The transplant, Williams said, is a significant occasion not only for her, but also for wounded warriors.
"I am hoping that I can open the door for other wounded warriors who are coming back from Iraq, Afghanistan and other areas of the world who've lost hands [or] arms," she said.

Almost nine years ago, the former first sergeant of the 342nd Training Squadron here lost her left hand and suffered severe injuries to her right hand when a package bomb exploded in her office. After years of surgical reconstruction and failed attempts to find a suitable prosthesis for her left arm, doctors asked McWilliams if she was willing to be put on a waiting list for a hand transplant.

Having undergone more than 25 surgeries, McWilliams said, she immediately consented. On Feb. 16, a hand donor was identified.

"I received a gift, a hand," she said. "In the back of my mind, I've always wanted to have a hand. This wonderful family gave me that gift. I'm so honored to have this hand."

A hand transplant involves more variables than an organ transplant, said Dr. Joe Nespral, director of clinical services at the Texas Organ Sharing Alliance. Selecting a donor for a hand transplant recipient involves additional emphasis on matching skin-tone color, gender and the size of the hand, he explained.

When she's in the hospital, McWilliams dons a hospital gown with her first sergeant rank insignia and the patches of her former units. She said she hopes the news of this procedure gives wounded warriors another choice and helps them decide if this type of procedure is for them.
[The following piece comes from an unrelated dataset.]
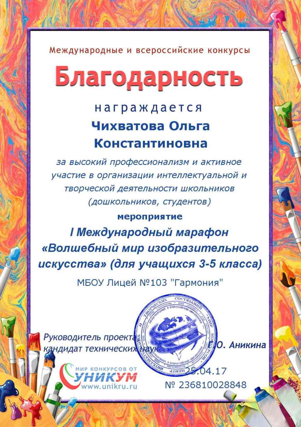 03.05.2017С 11 по 18 апреля 2017 года проходил I Международный марафон по изобразительному искусству

To date, no active-duty servicemembers have undergone this procedure, said Army Col. (Dr.) James Ficke, chairman of the Wilford Hall and Brooke Army Medical Center integrated departments of orthopedics and rehabilitation. About 50 wounded warriors have an injury that may be eligible for this type of procedure, he said. A former Marine has received a hand transplant, but his procedure was done at a civilian facility.

McWilliams faces months of occupational therapy, and in a years' time, Tuder said, he hopes she will have enough function to perform daily activities.

"The journey is going to be rough; it's not going to be easy," McWilliams said. "There's nothing you can't do in life. 'No,' is not part of my vocabulary. This beautiful hand will certainly become a part of my body. Now, after all these years, I can finally wear that engagement ring again and my wedding band. It is just absolutely priceless."

(Air Force Staff Sgt. Vanessa Young serves at Defense Media Activity San Antonio.)